Book description
The subjects of Salman Rushdie's collection of non-fiction range from
The Wizard of Oz, U2, India and Indian writing, the death of
Princess Diana, and football, to twentieth-century writers including
Angela Carter, Arthur Miller, Edward Said, J. M. Coetzee and Arundhati
Roy.
In a central section, 'Messages from the Plague Years', Rushdie
focuses on the fight against the Iranian fatwa, presenting texts both
personal and political, which show for the first time how it was to
live through those days. Rushdie's columns for the New York
Times confront current issues - Kashmir, Northern Ireland, Kosovo,
Islam and the West - as well as lighter topics such as reality TV,
sport and sleaze. The book ends with the lectures that give it its
title - Rushdie's exploration of the theme of frontiers: crossing
them, breaking taboos, and - in the light of September 11 - the world
of permeable frontiers in which we all live.

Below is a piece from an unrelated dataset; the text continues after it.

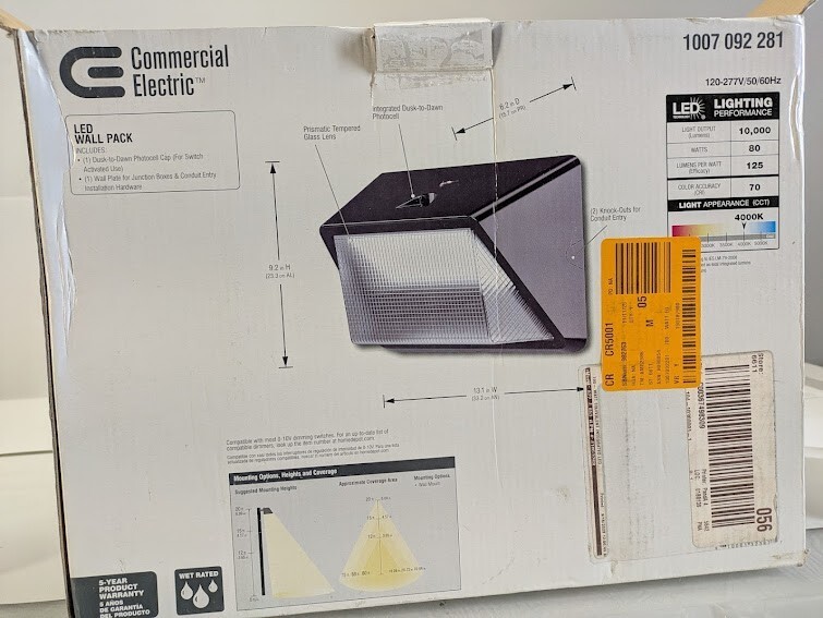 This energy-efficient wall pack is uniquely designed to cover a large outdoor area using precision forward-throw optics to focus 10000 Lumens of 4000K bright white light toward the ground and prevent it from escaping toward the sky. Installation is hands-free and a leveling bubble inside the box ensures a straight mount. Let the dusk to dawn photocell technology automatically turn the light on at sunset and off at sunrise. The aluminum housing resists corrosion for more than 50,000 hours of maintenance-free use.
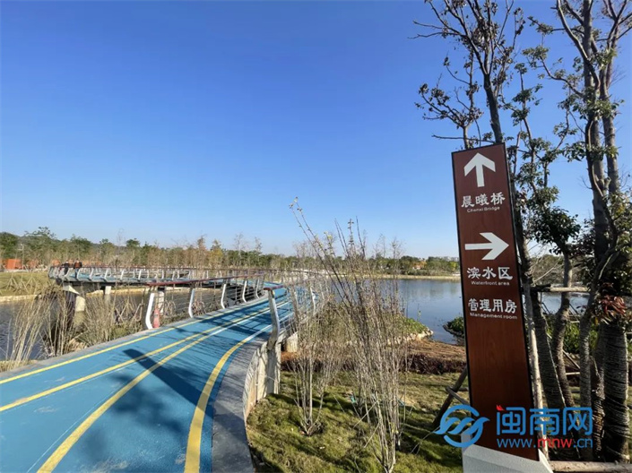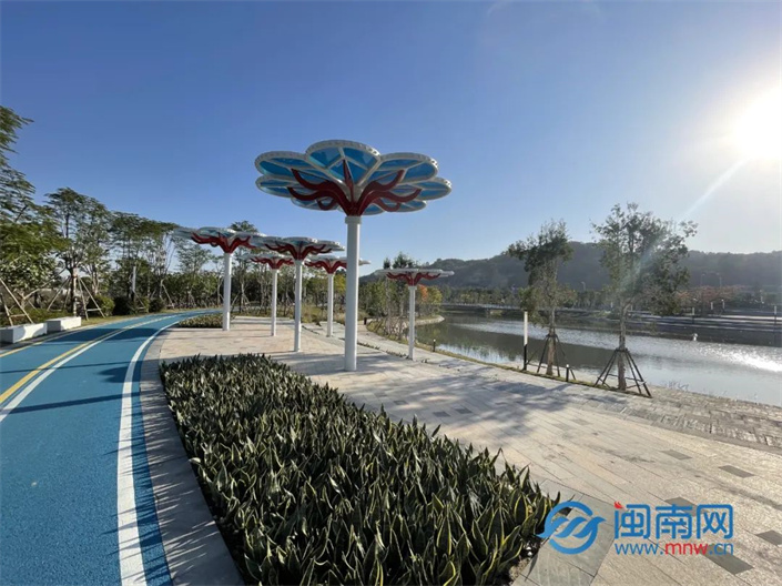 走進公園里,晨曦棧道、落虹拱橋、臥波石橋,三座水上橋梁造型各異,交相輝映;橋下水光粼粼,濕生植物青蔥翠綠,吸引眾多白鷺前來棲息、嬉戲;小文化廣場上的紅磚景墻,陳三與五娘的剪影栩栩如生,講述著這段家喻戶曉的愛情佳話;近水平臺上的刺桐花形燈頗為亮眼,夜間流光溢彩……從早到晚,這里已成為周邊居民休閑、鍛煉的好選擇。

Salman Rushdie is the author of ten novels, one collection of short
stories, three works of non-fiction, and the co-editor of
The Vintage
Book of Indian Writing
. In 1993
Midnight's Children
was judged to be the Best of the Booker, the best novel to have won the
Booker Prize in its forty year history.
The Moor's Last Sigh
won the Whitbread Prize in 1995 and the European Union's Aristeion
Prize for Literature in 1996. He is a Fellow of the Royal Society of
Literature and a Commandeur des Arts et des Lettres.